The liver, kidneys, spleen, and heart are the organs that have the highest concentration of PS following intravenous injection. These organs have a high blood supply and perforated capillaries, which increase the amount of light that can pass through them [48]. It was reported that PS is moving from its usual location in the brain to various organs and tissues, including the lungs, intestines, stomach, and skin. Muscles show a minuscule accumulation of PS compared to other tissue types [49]. The chemical makeup of the medication dictates the procedures that must be carried out to rid the patient’s body of the PS. Generally, the hydrophobic phospholipids are eliminated through the faeces and bile, while the hydrophilic phospholipids are eliminated through the urine. The accumulation of PS is more likely to occur in tumour tissues due to their greater propensity [49].

The effectiveness of PS used for therapeutic purposes depends on the activated wavelengths close to those absorbed by tissue (the red area). Photosensitive substances (PSs) must keep a high triplet quantum yield when subjected to irradiation. It has been discovered that the PDT of most malignancies can benefit from applying several PSs. Different PSs have successfully induced cell death in various tumours, leading to new treatment options (Table 2).

Table 2. Distinct categories of PS and the malignancies to which they may be applied.
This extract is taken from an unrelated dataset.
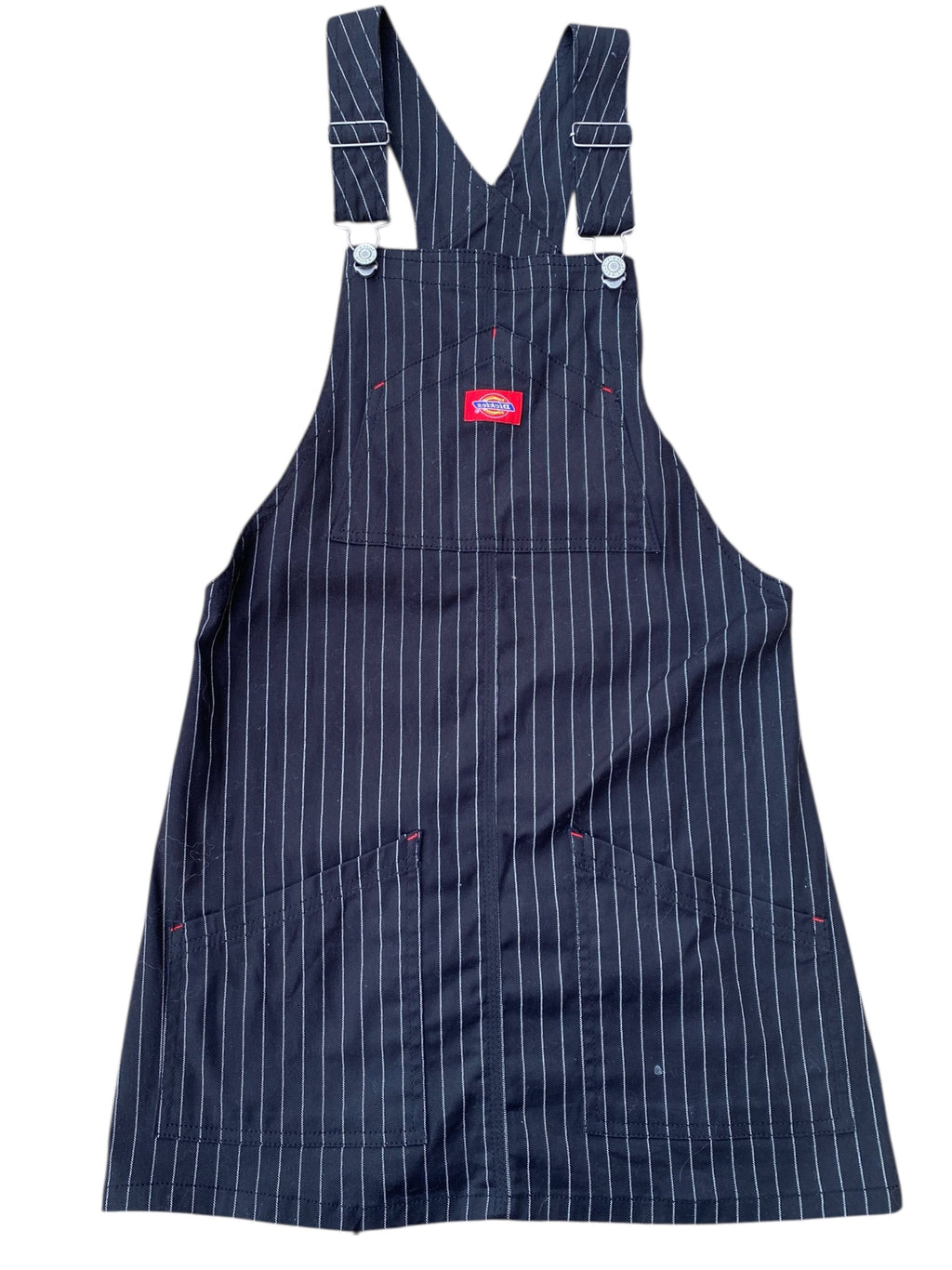 black white dickies pinstripe pinafore, xs

Class of PSs	Sensitiser	Synthesis	Injection	Clinical use	Wavelength (nm)	Ref.
Chlorins	Temoporfin (m-THPC)	ORMOSIL	IV	Approved for lenitive treatment with advanced head, prostate, pancreatic tumour & neck cancer	652	[50]
Chlorins	Talaporfin (MACE)	Light Sciences (USA)	IV	Approved for lung cancer & solid tumours from diverse origins	664	[51]
Benzoporphyrin	Verteporfin	Valeant Pharmaceuticals International, Inc.	IV	Treatment for wedge age-related macular degeneration, histoplasmosis, & pathologic myopia	689–693	[52]
Texafrins	Lutetium texaphyrin	Pharmacylics inc.	IV	Phase 2 prostate cancer & photoangioplasty	732	[53]
Protoporphyrin	5-Aminolevulinic Acid	DUSA Pharmaceuticals Inc.	IV	Approved for the treatment of actinic keratosis, head & neck carcinoma, gynecological tumour, brain diagnosis	635	[54]
Hematoporphyrin	Porfimer sodium (HpD)	Axcan Pharma Inc.	IV	Approved for endothelial lung cancer, bladder, cervical, and oesophageal cancer	630	[55]

I.V.: Intravenous.

Nanoparticles in neurodegenerative disorders (NDs)
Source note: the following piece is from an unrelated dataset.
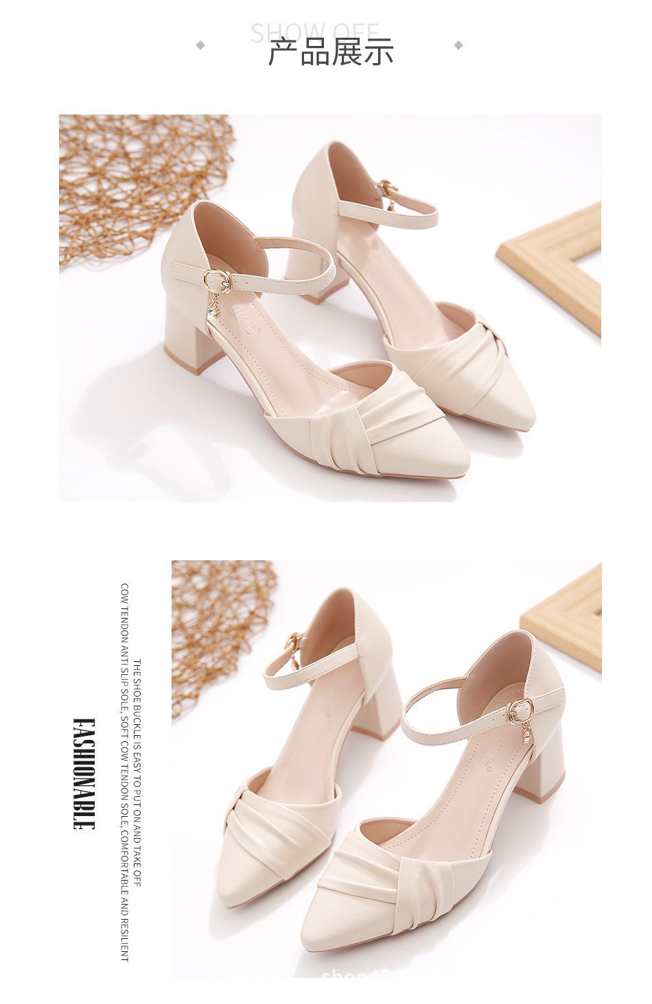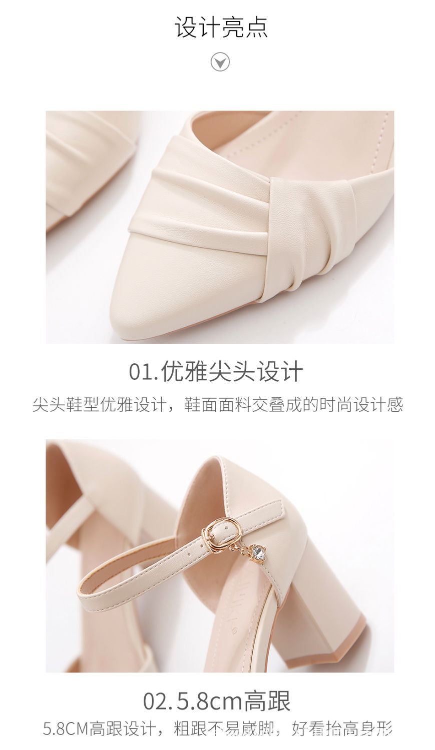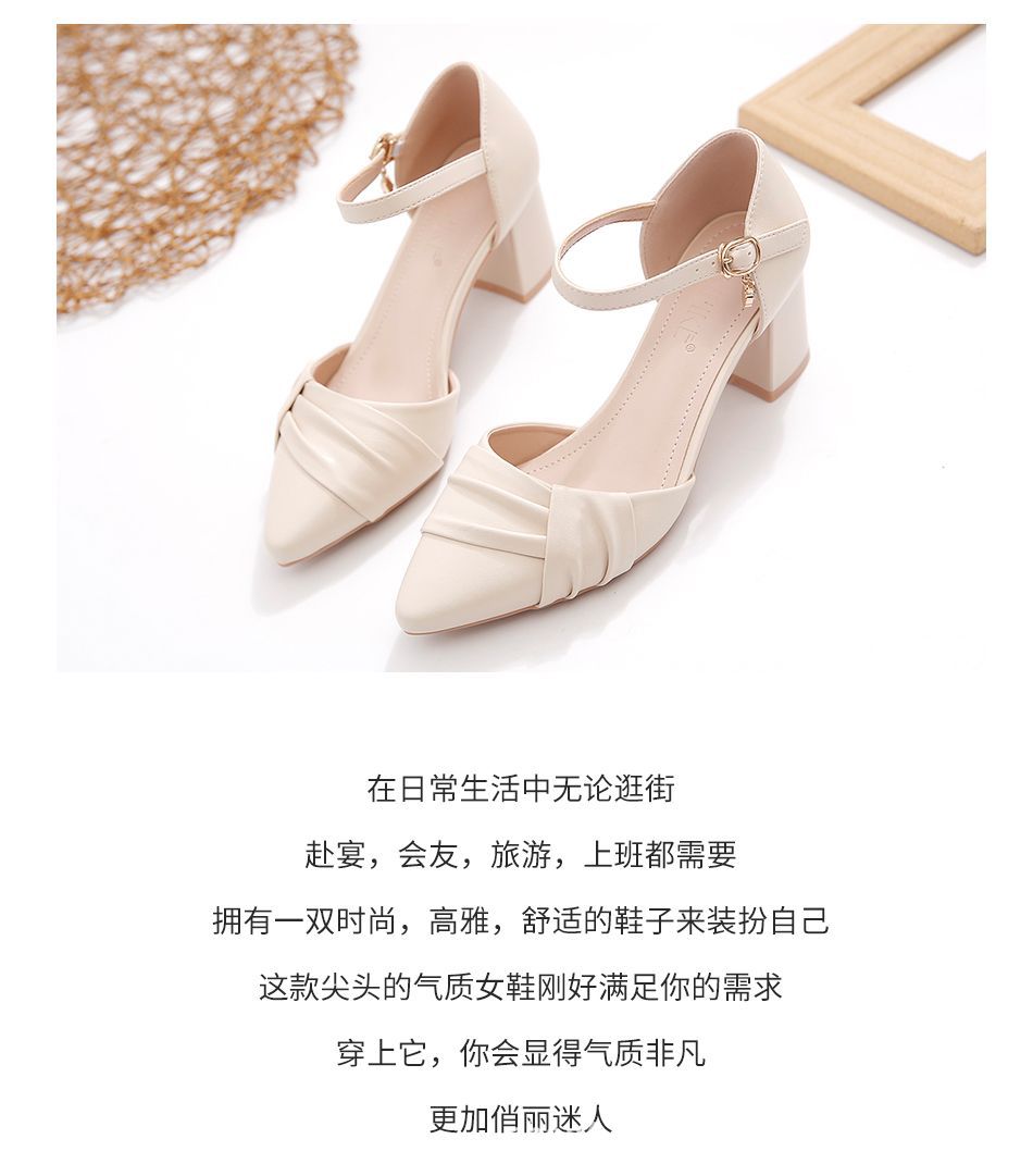 Женские босоножки с закрытым носком, лето 2024, новинка, одноремешок, туфли на высоком каблуке с острым носком, элегантные однослойные туфли на среднем каблуке с мягкой подошвой

The BBB-related therapeutic inadequacies and drawbacks have created a dire need for innovative therapeutic strategies in treating NDs [56]. Nanotechnology is a safe and promising CNS-specific drug or gene delivery platform among the various methods used. This method makes use of nanoscale materials (those with a size between 1 and 1000 nm) that can have a molecular level of interaction with biological systems. Nanoparticles (NPs) have been formulated using a wide range of materials, from natural polymers (proteins and polysaccharides) and synthetic polymers (PLGA and PCL) to inorganic minerals, e.g. gold, silver, and cerium (Table 3). It has been shown that nanocarriers are effective drug or gene carriers in the CNS [57]. They are advantageous because of their high drug-loading capacity, low systemic toxicity, enhanced drug permeabilization, and strong physical and chemical stability. The various shapes and sizes of NPs have been produced for medication delivery to the brain. However, the ability of nanocarriers to cross the BBB is conditional on factors such as their size, surface chemistry, type, and polarity [58]. Polysorbate coatings on surfaces can also aid in escaping transmembrane efflux systems such as P-glycoprotein pumps. Due to the simplicity of surface functionalization with ligands and cell-penetrating peptides (CPPs), lipid and polymeric NPs have been the most widely used for targeted brain delivery [59].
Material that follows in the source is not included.